North American grain/oilseed review: Canola losses continue into weekend
By Phil Franz-Warkentin
Glacier FarmMedia MarketsFarm — The ICE Futures canola market moved lower for the fourth-straight session on Friday, retreating from overnight advances to hit its weakest levels in two months.
Chicago soyoil, European rapeseed and Malaysian palm oil futures were all weaker, which weighed on the Canadian oilseed.
Bearish technical signals contributed to the declines, as speculators were thought to be back adding to their large net short positions.
However, the underlying fundamentals remain supportive for canola and scale-down end user demand helped temper the declines. Weekly Canadian canola exports of 189,500 tonnes were down 28 per cent from the previous week, although crop year-to-date movement at 3.6 million tonnes was roughly double last year’s level.
There were an estimated 54,439 contracts traded on Friday, which compares with Thursday when 68,773 contracts traded. Spreading accounted for 32,374 of the contracts traded.
SOYBEAN futures at the Chicago Board of Trade recovered from early losses to post small gains on Friday, as recent weakness in the market was thought to be uncovering some end user buying interest.
The United States Department of Agriculture reported flash sales of 198,000 tonnes of soybeans to unknown destinations.
Profit-taking and a slowdown in export demand weighed heavily on palm oil Friday, with that selling pressure spilling into soyoil as well. However, soymeal was higher.
Relatively favourable crop conditions in Brazil remained a bearish influence, tempering any gains.
CORN traded within a few cents of unchanged, with the bias lower at the close.
Gains in crude oil provided underlying support for the ethanol-linked grain, as escalating tensions between Russia and Ukraine underpinned energy markets.
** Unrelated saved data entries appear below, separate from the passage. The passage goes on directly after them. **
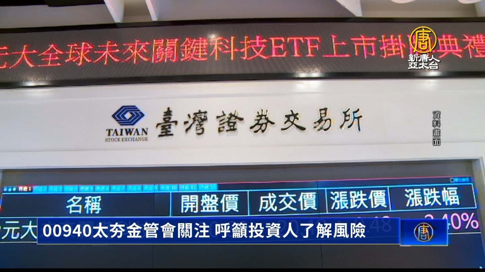 元大台灣價值高息ETF,00940,掀起搶購熱潮,傳出有投資人解除定期存款、抵押房子找現金搶搭車。對此,台灣主管機關金管會聲明,已經提醒元大投信,留意行銷文宣,金管會呼籲投資人注意2件事,基金投資有賺有賠,任何投資都有風險;也喊話在投資前,應該先了解ETF背後組成,多方考量再決定是否進場。 //asset1.ntdtv.com.tw/public/uploads/assets/2024/03/13/2024-03-13-65f18db10216d.mp4 ETF|元大|00940|金管會|投資|股票|股市|台股2024-03-13 21:22:27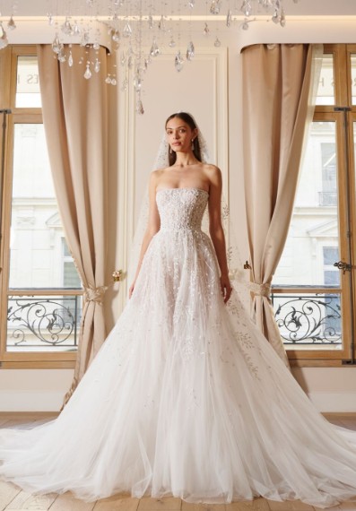 A beautiful strapless tulle dress with an elegant gathered gaudet skirt. Adorned with crystals for a sparkling finish and embroidered with delicate floral detailing.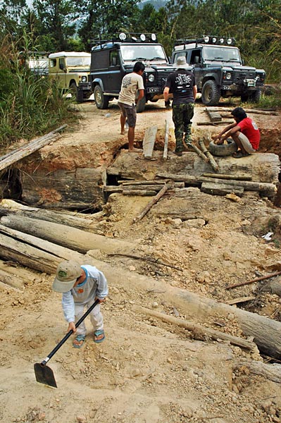 hard work to make the vee-dip across Sungei Dohol more passable to Landy traffic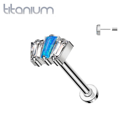 Implant Grade Titanium Triple Baguette White CZ Blue Opal Threadless Push In Labret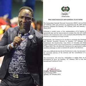 On the 7th of February, 2019 Senior Prophet Jeremiah Omoto Fufeyin, General Overseer, Christ Mercyland Deliverance Ministry (C.M.D.M), Warri, Delta State, Nigeria prophesied that the 2019 general election will be postponed.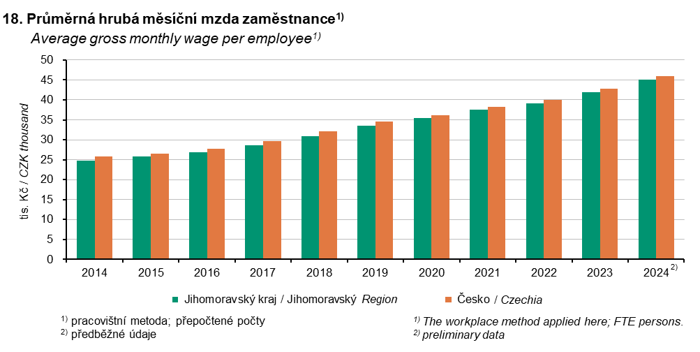 Graf 18 Průměrná hrubá měsíční mzda zaměstnance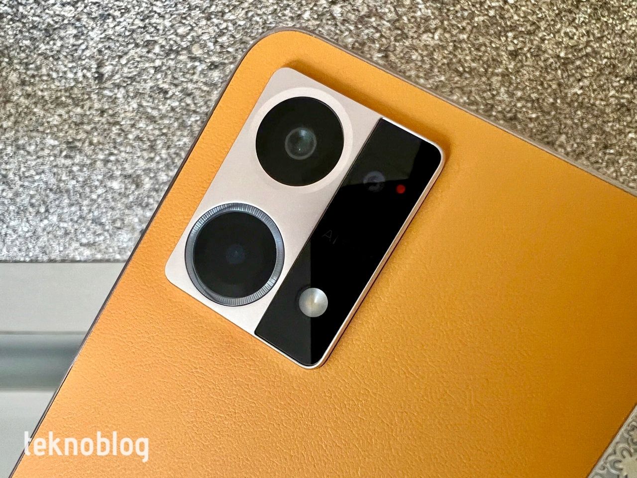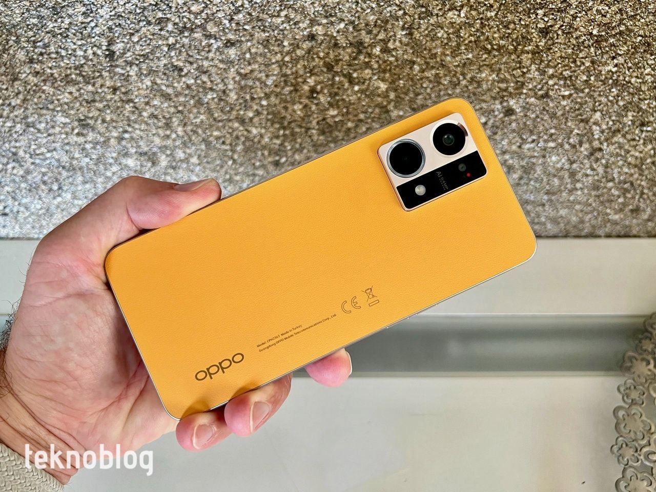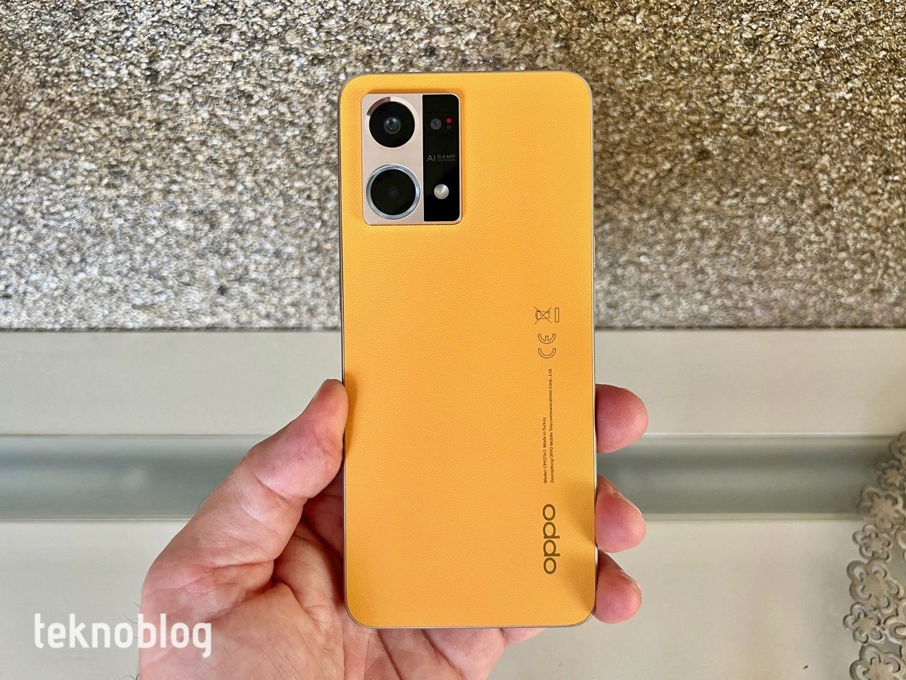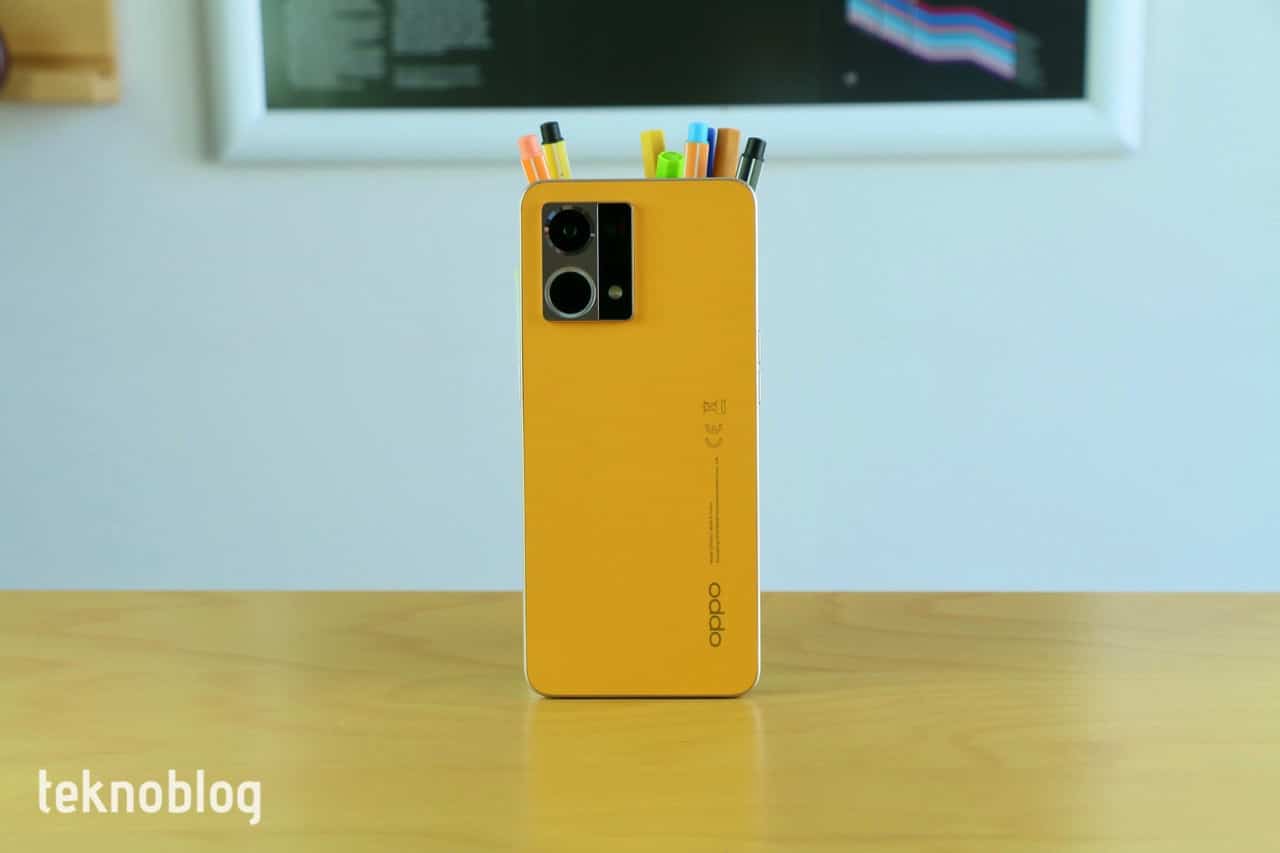 Oppo birkaç nesil sonra Reno serisinin tasarımında radikal bir değişiklik yaptı. Daha önce gördüğümüz kenarlara doğru kavis yapan arka yüz ve yuvarlatılmış kenarların yerini düz kenar ve arka yüz tasarımı alıyor. Önde Corning Gorilla Glass 5 cam kullanılmış. Kenarlar metal görünümlü plastikle çevrelenmiş. Arkada ise fiberglass deri kaplama var. Yumuşak ve pürüzlü yüzeyiyle hoş bir kullanım hissi ve görünüm oluşturuyor. Turuncu renk bir hayli hoş görünüyor. Arka yüzün bu kalite hissi veren görünümünü şık biçimde tasarlanmış ve dışa doğru hafif çıkıntı yapan kamera modülü tamamlıyor. Bu arada, arkadaki “Made in Turkey” ibaresine de dikkat çekmeden geçmeyelim.

However, resulting strength in the U.S. dollar index was bearish for the grains and oilseeds making exports priced in U.S. dollars more expensive for international buyers.
WHEAT futures were lower, as traders adjusted positions ahead of the weekend. While the Russia/Ukraine conflict remained supportive, the U.S. dollar strength was bearish.
The U.S. dollar index was up by half a point late in the day, hitting its highest level in two years.
Rising production prospects out of Australia also pressured wheat values.